§ **Data extracts**
◇ ◇ ◇ ◇
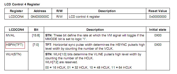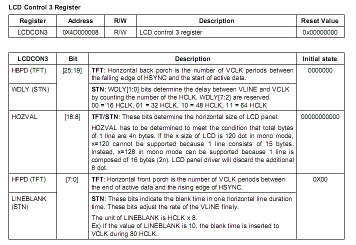 void Lcd_Init(void) { rGPCUP=0xffffffff; // Disable Pull-up register rGPCCON=0xaaaa56a9; //Initialize VD[7:0],LCDVF[2:0],VM,VFRAME,VLINE,VCLK,LEND rGPDUP=0xffffffff; // Disable Pull-up register rGPDCON=0xaaaaaaaa; //Initialize VD[15:8] //LCDCON1: TFT LCD panel,MMODE[7]=0,16bpp TFT,ENVID=off rLCDCON1=(CLKVAL_TFT_320240<<8)|(MVAL_USED<<7)|(3<<5)|(12<<1)|0; rLCDCON2=(VBPD_320240<<24)|(LINEVAL_TFT_320240<<14)|(VFPD_320240<<6)|(VSPW_320240); rLCDCON3=(HBPD_320240<<19)|(HOZVAL_TFT_320240<<8)|(HFPD_320240); rLCDCON4=(MVAL<<8)|(HSPW_320240); rLCDCON5=(1<<11)|(1<<9)|(1<<8)|(1<<3)|(BSWP<<1)|(HWSWP); //rLCDCON5=(1<<11)|(0<<9)|(0<<8)|(0<<6)|(BSWP<<1)|(HWSWP); //FRM5:6:5,HSYNC and VSYNC are inverted //LCDBANK[29:21] = (U32)LCD_BUFFER >> 22 : These bits indicate A[30:22] of the bank location for the video buffer in the system memory. LCDBANK value cannot be changed even when moving the view port. LCD frame buffer should be within aligned 4MB region, which ensures that LCDBANK value will not be changed when moving the view port. So, care should be taken to use the malloc() function. //系统内存地址A[30:22]处的Bank位置为图像缓冲。LCDBANK的值在视图移动的值在视图移动时不能改变,LCD帧缓冲应该在4MB区域对齐,保证LCDBANK的值在移动视图时不会改变。 //LCDBASEU[20:0] = ((U32)LCD_BUFFER >> 1)&0x1fffff : For dual-scan LCD : These bits indicate A[21:1] of the start address of the upper address counter, which is for the upper frame memory of dual scan LCD or the frame memory of single scan LCD. //For single-scan LCD : These bits indicate A[21:1] of the start address of the LCD frame buffer. //双扫描:表明高地址计数器的起始地址A[21:1],用于LCD双扫描的上部帧内存或者单扫描的帧内存 //单扫描:表明LCD帧缓冲的起始地址A[21:1] rLCDSADDR1=(((U32)LCD_BUFFER>>22)<<21)|M5D((U32)LCD_BUFFER>>1); //LCDSADDR2 0x4d000018帧缓冲起始寄存器2: //LCDBASEL[20:0] = ((LCD_ADDR + LCD_WIDTH * LCD_HEIGHT * 2) >> 1)& 0x1fffff = (LCD_ADDR >> 1 + LCD_WIDTH * LCD_HEIGHT)& 0x1fffff //For dual-scan LCD: These bits indicate A[21:1] of the start address of the lower address counter, which is used for the lower frame memory of dual scan LCD. //For single scan LCD: These bits indicate A[21:1] of the end address of the LCD frame buffer. //LCDBASEL = ((the frame end address) >>1) + 1 = LCDBASEU + (PAGEWIDTH+OFFSIZE) x (LINEVAL+1) //双扫描:表明低地址计数器的起始地址A[21:1],用于LCD双扫描的下部帧内存或者单扫描的帧内存 //单扫描:表明LCD帧缓冲的结束地址A[21:1] rLCDSADDR2=M5D( ((U32)LCD_BUFFER+(SCR_XSIZE_TFT_320240*LCD_YSIZE_TFT_320240*2))>>1 ); //LCDSADDR3 0x4d00001c帧缓冲起始寄存器3: //OFFSIZE = 0;PAGEWIDTH = 320 虚拟屏页宽(半字数量) 定义了帧中的视图域宽度 rLCDSADDR3=(((SCR_XSIZE_TFT_320240-LCD_XSIZE_TFT_320240)/1)<<11)|(LCD_XSIZE_TFT_320240/1); rLCDINTMSK|=(3); // MASK LCD Sub Interrupt //rTCONSEL|=((1<<4)|1); // Disable LCC3600, LPC3600 rTPAL=0; // Disable Temp Palette }
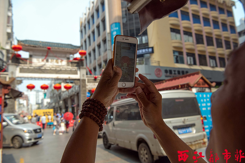 在梧州騎樓城牌坊前,一位市民用手機(jī)對(duì)著牌坊的方向掃描AR紅包。 記者 何鎏 攝
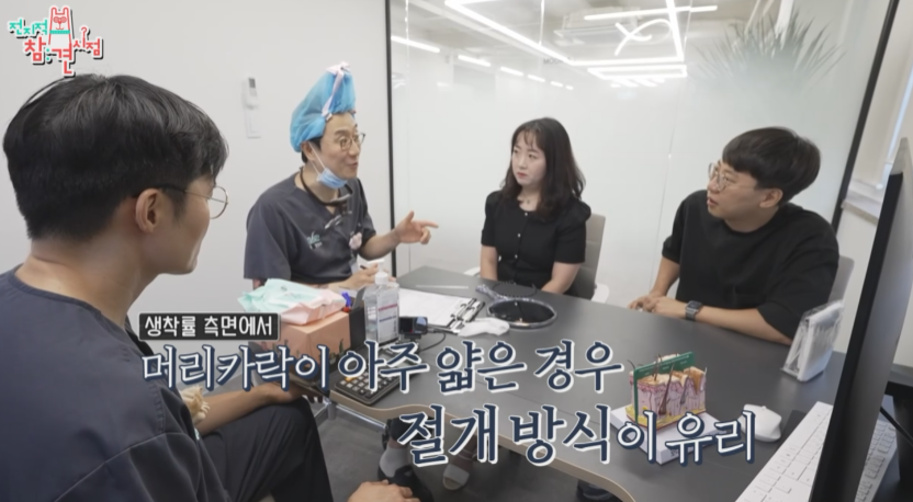 이날 방송에서 한상보 원장님께서는 장장 8시간에 걸친 모발 이식 수술로 바쁜 일과를 보내셨습니다. 한 땀 한 땀 모발을 채취하고 이식하는 장시간의 수술 동안 원장님께서는 직원들과 찰떡같은 호흡을 자랑하셨으며, 숙련된 손길로 수술을 진행해 참견인들의 두 눈을 휘둥그레지게 만드셨습니다.
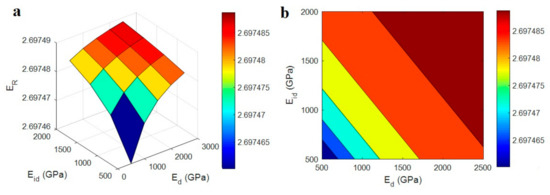 The influences of “Ed” and “Eid” parameters on the predicted modulus (Equation (10)): (a) 3D and (b) contour designs.
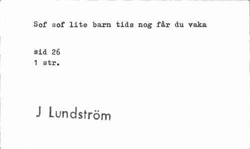 //// Sof sof lite barn tids nog får du vaka //// sid 26 1 str. //// J Lundström ////
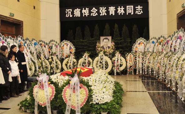 26日上午,八宝山殡仪馆东礼堂庄严肃穆,哀乐低回,礼堂上方悬挂的黑色白底的横幅,上面写着“沉痛悼念张青林同志”,横幅下方是张青林同志的遗像,张青林同志的遗体安卧在鲜花翠柏丛中,身上覆盖着鲜红的中国共产党党旗。
◇ ◇ ◇ ◇
§ **Work instructions**
Reproduce exactly, and only, the lines that begin at the one containing "The influences of" and end with the final line of the data, both included, while omitting every picture.

§ **Worked solution**
 The influences of “Ed” and “Eid” parameters on the predicted modulus (Equation (10)): (a) 3D and (b) contour designs.
 //// Sof sof lite barn tids nog får du vaka //// sid 26 1 str. //// J Lundström ////
 26日上午,八宝山殡仪馆东礼堂庄严肃穆,哀乐低回,礼堂上方悬挂的黑色白底的横幅,上面写着“沉痛悼念张青林同志”,横幅下方是张青林同志的遗像,张青林同志的遗体安卧在鲜花翠柏丛中,身上覆盖着鲜红的中国共产党党旗。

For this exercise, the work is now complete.